Category Archives: Uncategorized

Killer Bs

Luxury car firm Bentley is recalling hundreds of vehicles over fears that its "Flying B" hood ornament could impale pedestrians.

The recall affects 620 cars in the U.S. and Canada and a total of 1,436 worldwide, the company told msnbc.com.

It covers the Arnage, Azure and Brooklands models sold between October 2006 and October 2009 for suggested retail prices of $246,999 to $363,000.

The winged B is meant to retract if there is a collision, but the U.K.-based Bentley Motors said it had discovered the mechanism needed to be better protected against rust and corrosion.

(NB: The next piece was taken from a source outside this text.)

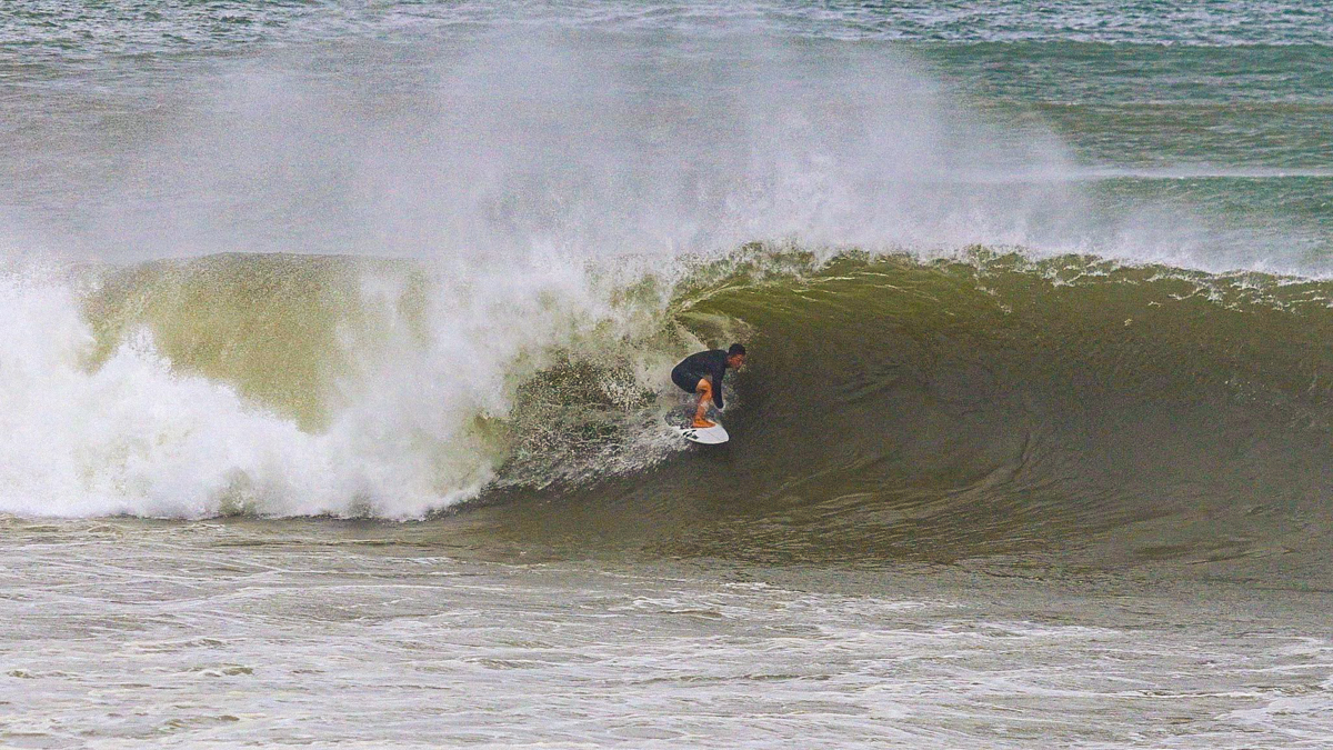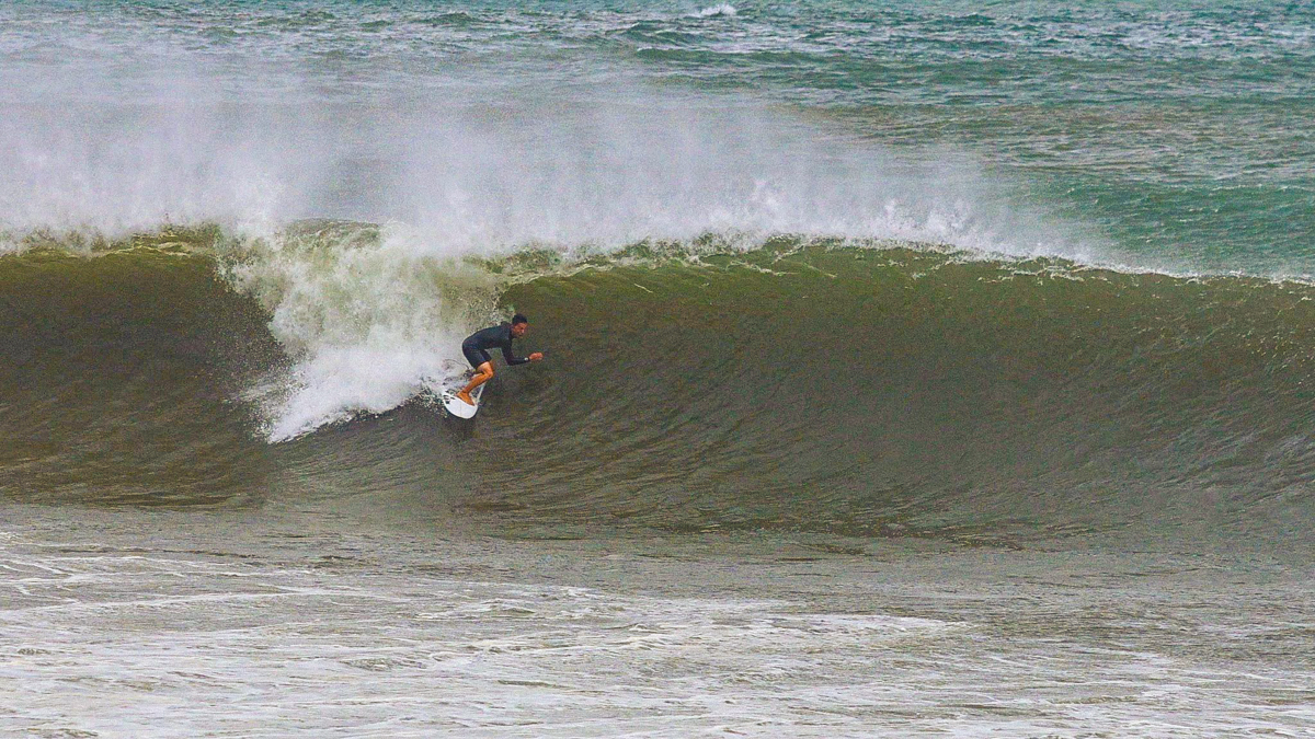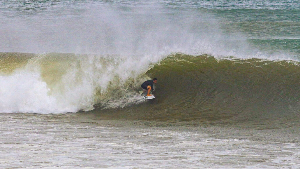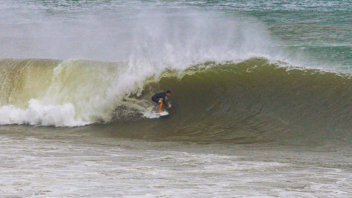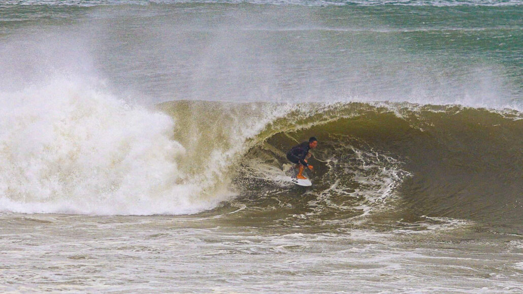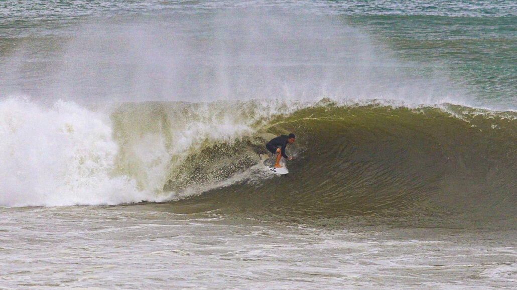 そうこうしているとまたしても村上舜が、今度は少し右側に入ってきたセットの波を掴み、浅めながらもチューブをいとも簡単そうにメイクしてくる。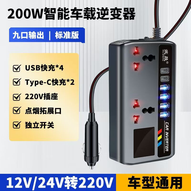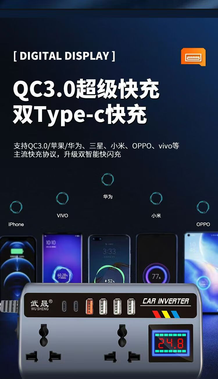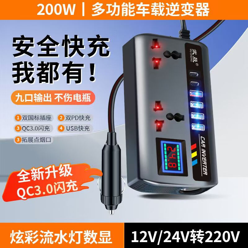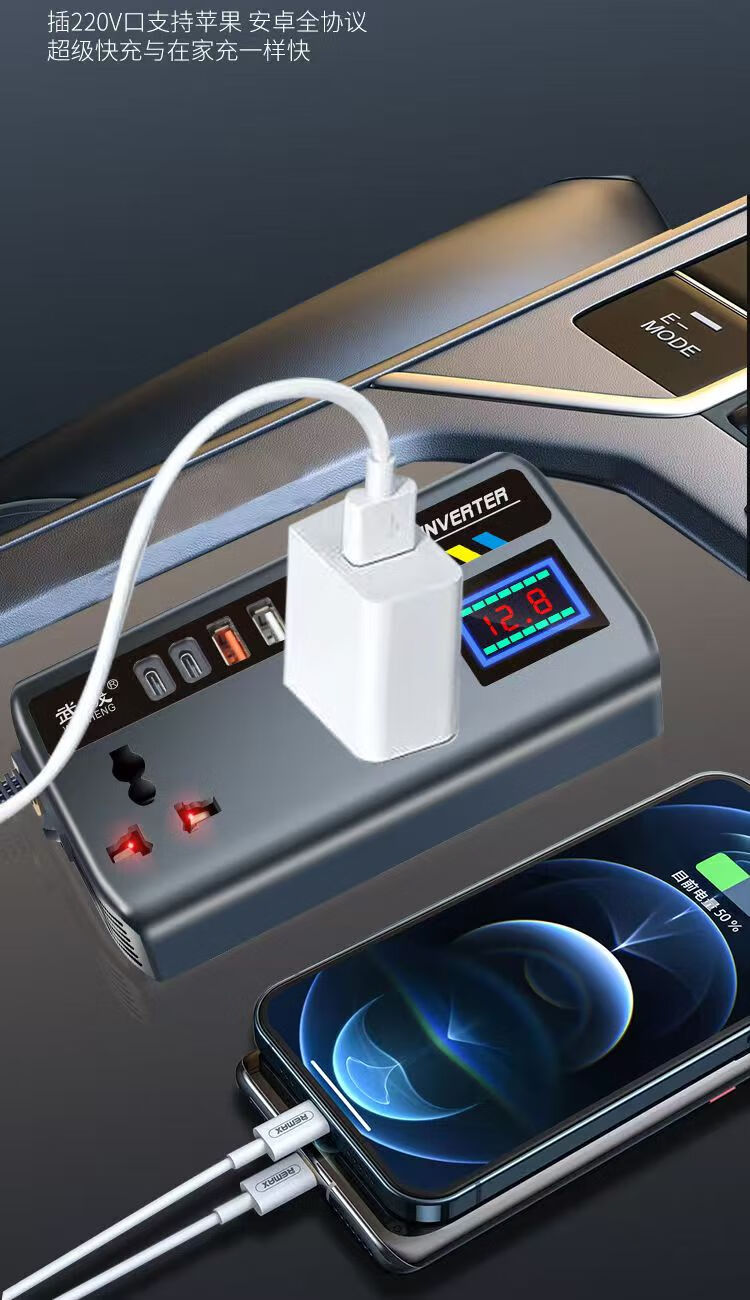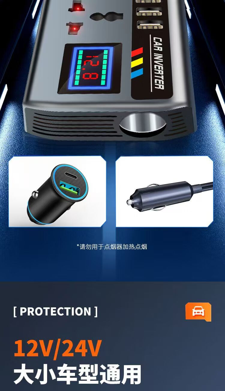 Car Inverter 12V24V to 220V Smart Charging Converter Inverter Converter Charger Smart Colorful Light + Dual Flash Charge = Dual PD Ports

An auto-retracting hood ornament that's prone to impaling pedestrians ? Now that is simply splendid. For too long I've been content with merely breaking the pelvises and legs of the pedestrians I run into. Sure, there's a satisfying thump as they bounce into the gutter and writhe. But, I had never considered impaling them, too! But now, well, this news changes everything. I need a Bentley! Imagine how swell it will be to snag a pedestrian off the sidewalk and carry him around the city, as he dangles, impaled on my shiny silver B, somewhat like the manatees I skewer on the rudder of my yacht (except in front, not back; and on top not below), while I tend to my affairs. Splendid!

I just hope there's a way to disable this auto-retract mechanism.

Weasles!

Hazy Jane II:

It's far from being my favorite Nick Drake song (Belle & Sebastian probably love it, though - sounds just like them), so I hadn't paid much attention to the lyrics. But, just now, it popped up on my iPod and I caught this couplet (first verse):

And what will happen in the evening in the forest with the weasel
with the teeth that bite so sharp when you're not looking in the evening

... and then I was all like "Errrr... WTF?" And I assume you are now doing the same thing.

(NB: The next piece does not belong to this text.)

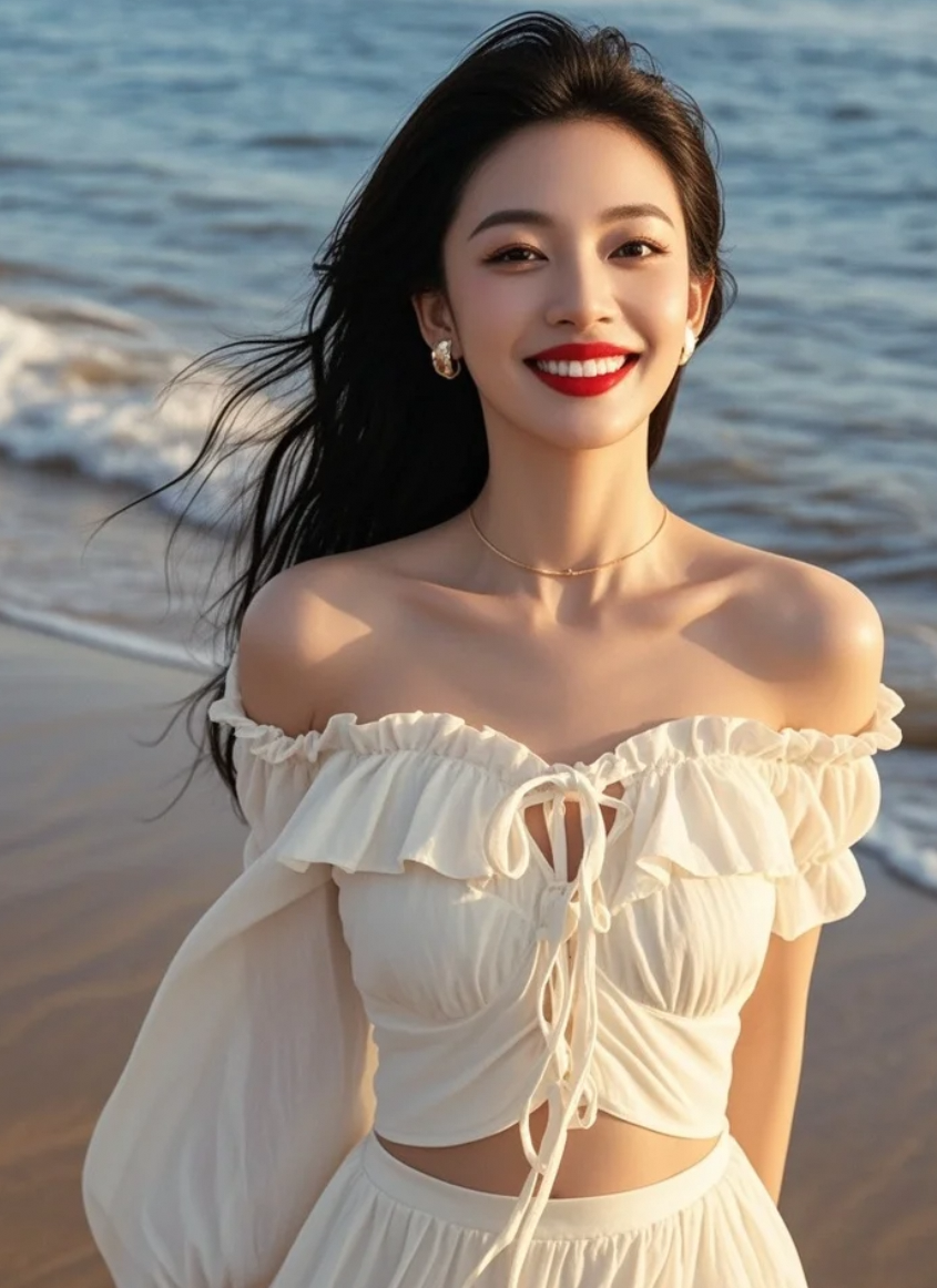 白裙女子在海边,拍出夏日高光时刻

Even the greats have missteps, sometimes.

Which Comes First: The Deficit Hawk Or The Egg?

Eggs are sickening. Eggs are sickening people all across the US. Thousands of people. And much of the problem can be tracked back to one egg producer: Austin J. DeCoster. He's the owner of many huge egg producing plants, and has been sickening people with his salmonella-tainted* eggs since the late 1970s.

We could obviously stand to have better egg safety regulations in this country. And there's a bill in the Senate that promises to help. However, one Senator is holding it up:

A Republican senator is threatening to hold up food safety legislation that would give the Food and Drug Administration more power to prevent outbreaks, saying Democrats must find a way to pay for it.

Republican Sen. Tom Coburn of Oklahoma says the bill, which has stalled in the Senate for more than a year, adds to the deficit and expands the power of an already troubled agency.

...

The legislation has broad bipartisan backing in Congress and support from the food and restaurant industries.The House passed the bill over a year ago.

Adds to the deficit ? Interesting. How much?

Coburn agrees that food safety needs a complete overhaul but says the current effort is disingenuous because there is not any money dedicated to it. The Congressional Budget Office estimates it will cost $1.4 billion.

$1.4 billion! That sounds like a lot of money!

I wonder what else costs $1.4B.

Well, seven days in Afghanistan costs $1.4B.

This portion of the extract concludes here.